TOPPAN Holdings Inc. (Headquarters: Bunkyo-ku, Tokyo; Representative Director and COO: Satoshi Oya; hereinafter "TOPPAN Holdings"), the National Institute of Information and Communications Technology (Headquarters: Koganei-shi, Tokyo; President: Hideo Ohno; hereinafter "NICT"), and ISARA Corporation (Headquarters: Ontario, Canada; CEO: Atsushi Yamada; hereinafter "ISARA") have successfully verified the usefulness of a seamless transition technology from current cryptography to Post-Quantum Cryptography (PQC), which is considered difficult even for quantum computers to decipher, in the mechanism of a certificate authority, which is the security foundation of internet communications.
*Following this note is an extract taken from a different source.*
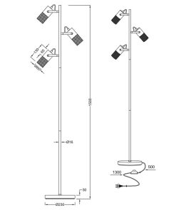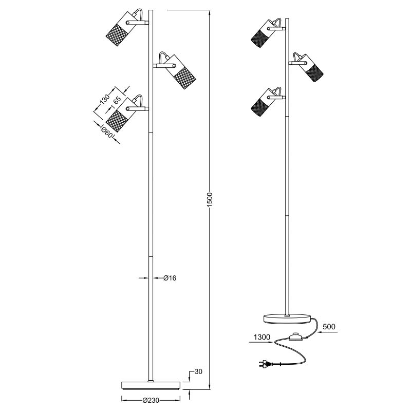 Lampada da terra Led Tosh con 3 spot in gabbia di metallo E14 H. 150 cm D. 23cm- Trio Lighting
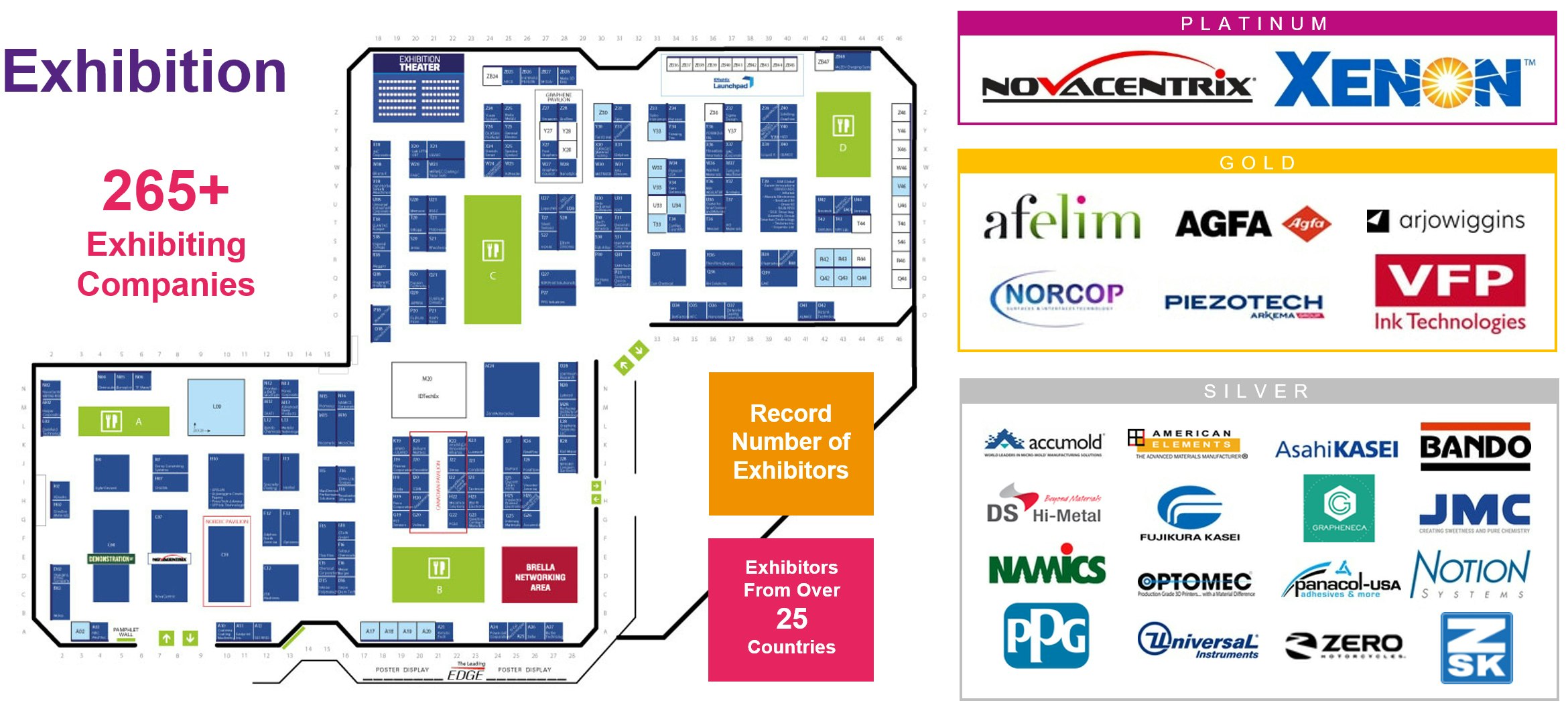 The exhibition will feature Demonstration Street , an area in the exhibition dedicated to showing a collection of printed electronics based products and prototypes in once place. Products and samples will be shown for the first time here. It will include printed flexible displays, OLED displays, electrophoretic and electrochromic displays, stretchable lighting, touch textile pads, sensors, solar cells and thin film batteries incorporated into prototype and commercial products.

In internet communications, security is supported by digital certificates that prove the authenticity of the communication partner, and a public key infrastructure (*1) by the certificate authority that issues and signs them. However, public key cryptography is thought to become vulnerable to quantum computers in the future, making the transition to PQC an urgent task. During this transition, quantum-proofing the cryptographic algorithm of the root certificate authority, which is at the top of the certificate authorities, poses a challenge as it may lead to service fragmentation or suspension.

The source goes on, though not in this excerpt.